• Exercise details: What are the lines, copied exactly, from the one containing "- Hello Japan" through the final line of the material? Leave the pictures out.

• Material provided:
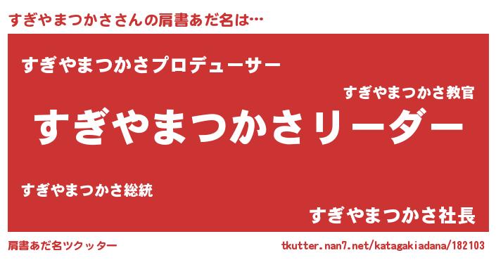 | 欧米人風あだ名 | 『ウサインすぎやまつかさ』 |
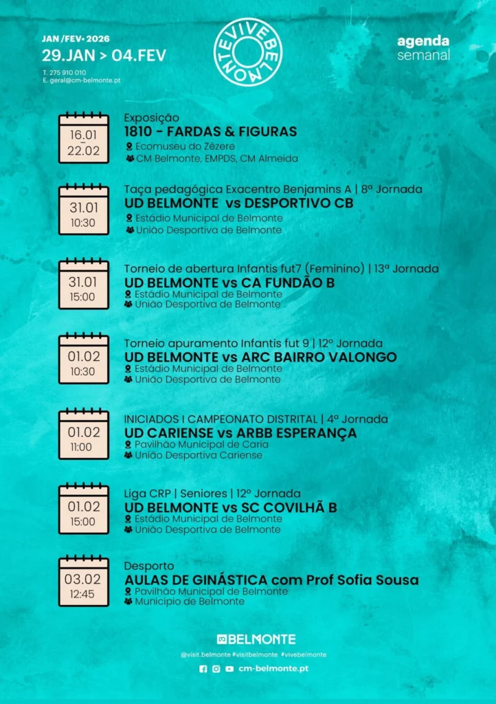 O Município de Belmonte divulgou a agenda semanal com iniciativas culturais e desportivas a decorrer no concelho, entre quinta-feira, 29 de janeiro, e quarta-feira, 4 de fevereiro.
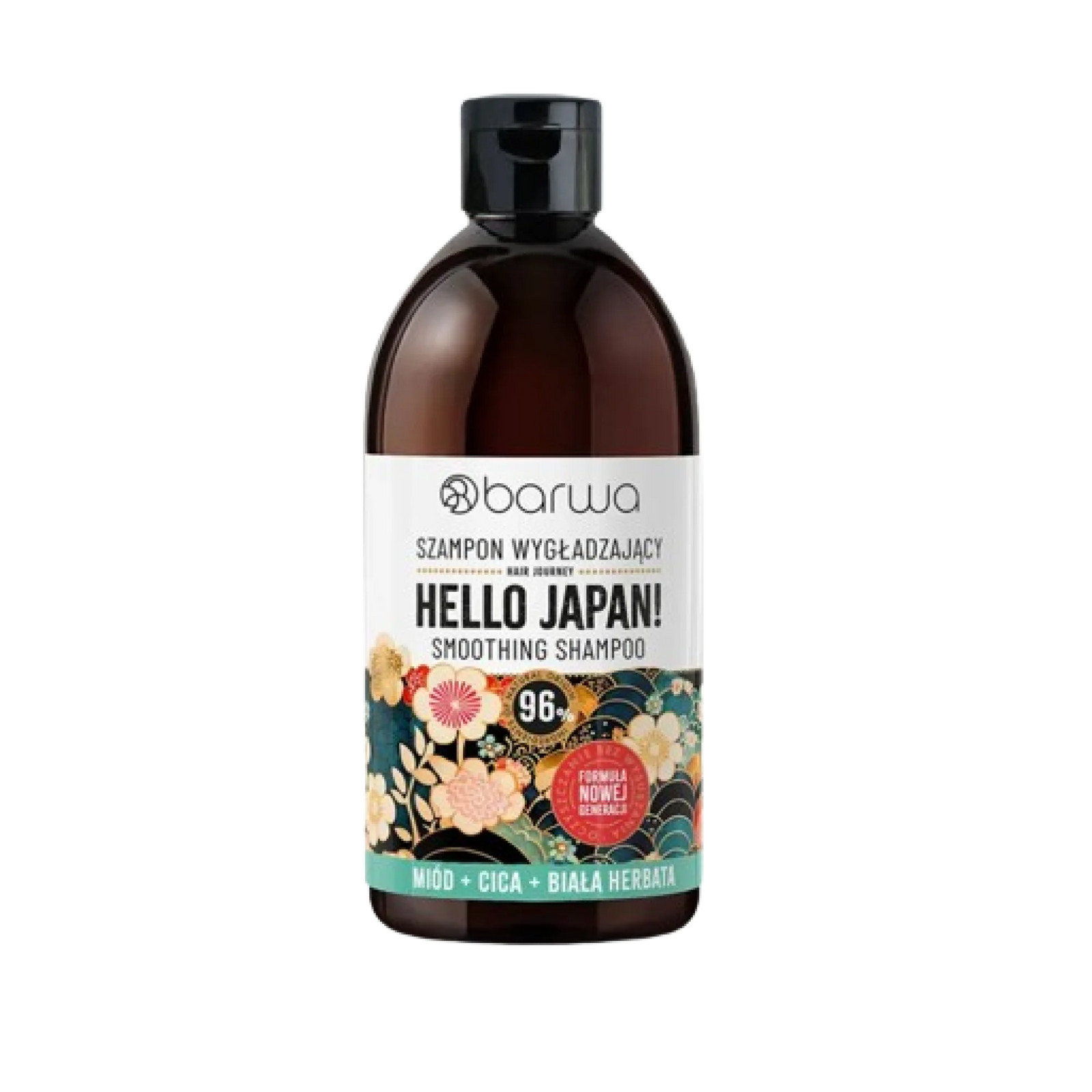 - Hello Japan wygładzający szampon o zapachu białej herbaty do pielęgnacji skóry głowy i włosów normalnych i puszących się. 96% składników pochodzenia naturalnego.
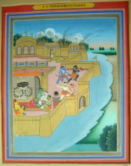 | Description / विवरण | Miniature painting depicting Hanuman burning Lanka. Ravan is sitting on a stool with other demons sitting in front of him and some are depicting running. |
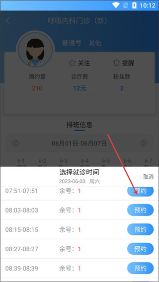 5、在挂号页面选择就诊日期,再选择对应医生及就诊时段,点击预约。
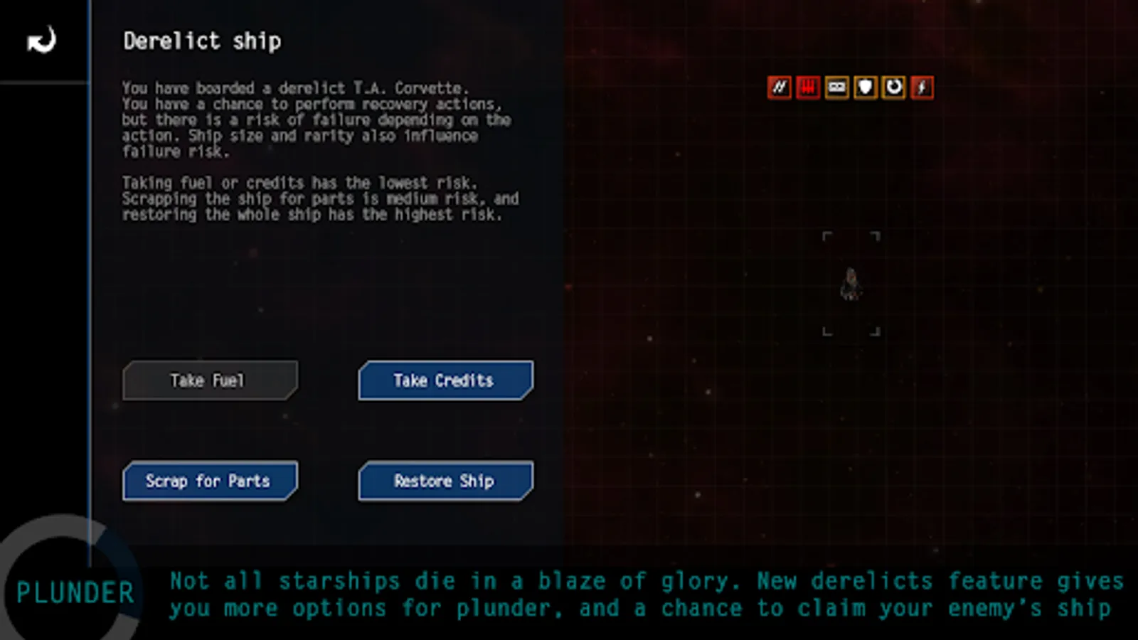 - Derelict ships you can board and attempt to bring back to life, or scrap for parts...
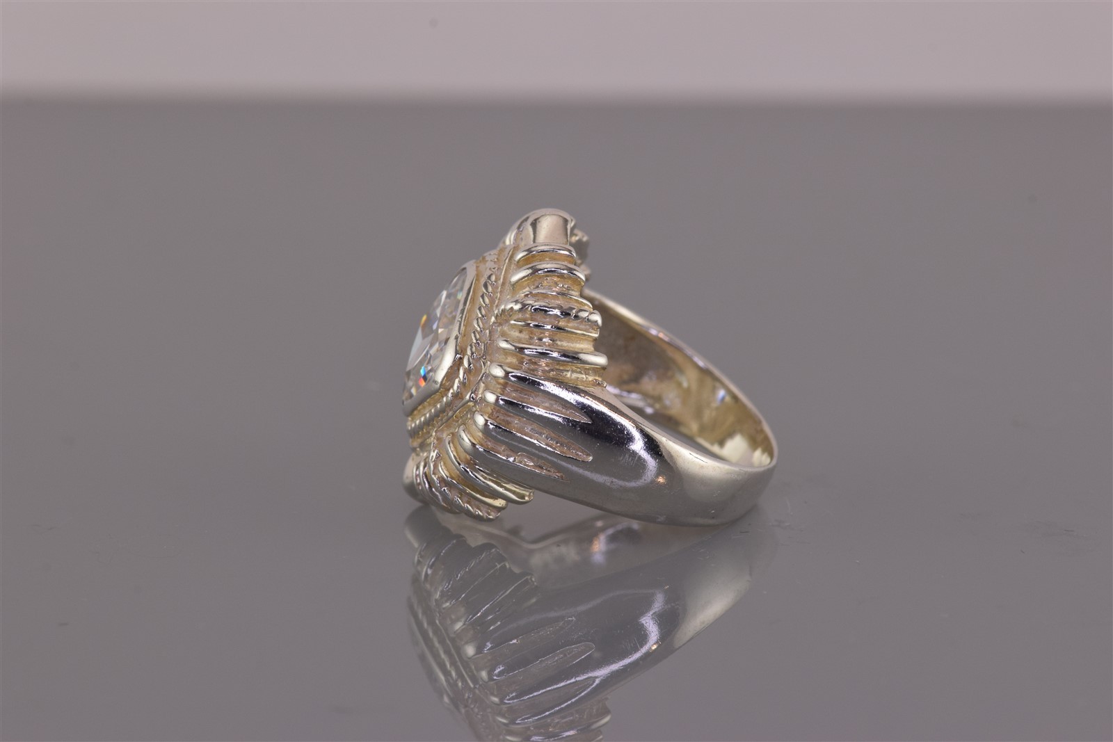как выглядит Sterling Silver Cushion Cut Cubic Zirconia Flared Ribbed Band Ring 925 Sz: 7 фото
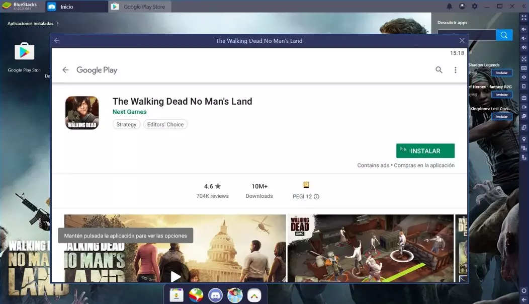 Verás "The Walking Dead No Mans Land" en el escritorio del emulador, pulsa sobre él para que puedas seguir instalando. Google Play aparece de nuevo y elegimos la opción "Instalar". Para aquellos que tengan una conexión rápida a Internet esta instalación se completará rápidamente.
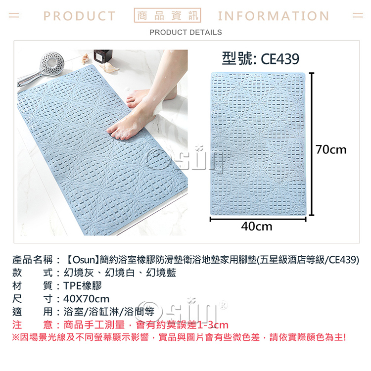 名稱:【Osun】簡約浴室橡膠防滑墊衛浴地墊家用腳墊(五星級酒店等級/CE439)

• Written reply:
 - Hello Japan wygładzający szampon o zapachu białej herbaty do pielęgnacji skóry głowy i włosów normalnych i puszących się. 96% składników pochodzenia naturalnego.
 | Description / विवरण | Miniature painting depicting Hanuman burning Lanka. Ravan is sitting on a stool with other demons sitting in front of him and some are depicting running. |
 5、在挂号页面选择就诊日期,再选择对应医生及就诊时段,点击预约。
 - Derelict ships you can board and attempt to bring back to life, or scrap for parts...
как выглядит Sterling Silver Cushion Cut Cubic Zirconia Flared Ribbed Band Ring 925 Sz: 7 фото
 Verás "The Walking Dead No Mans Land" en el escritorio del emulador, pulsa sobre él para que puedas seguir instalando. Google Play aparece de nuevo y elegimos la opción "Instalar". Para aquellos que tengan una conexión rápida a Internet esta instalación se completará rápidamente.
 名稱:【Osun】簡約浴室橡膠防滑墊衛浴地墊家用腳墊(五星級酒店等級/CE439)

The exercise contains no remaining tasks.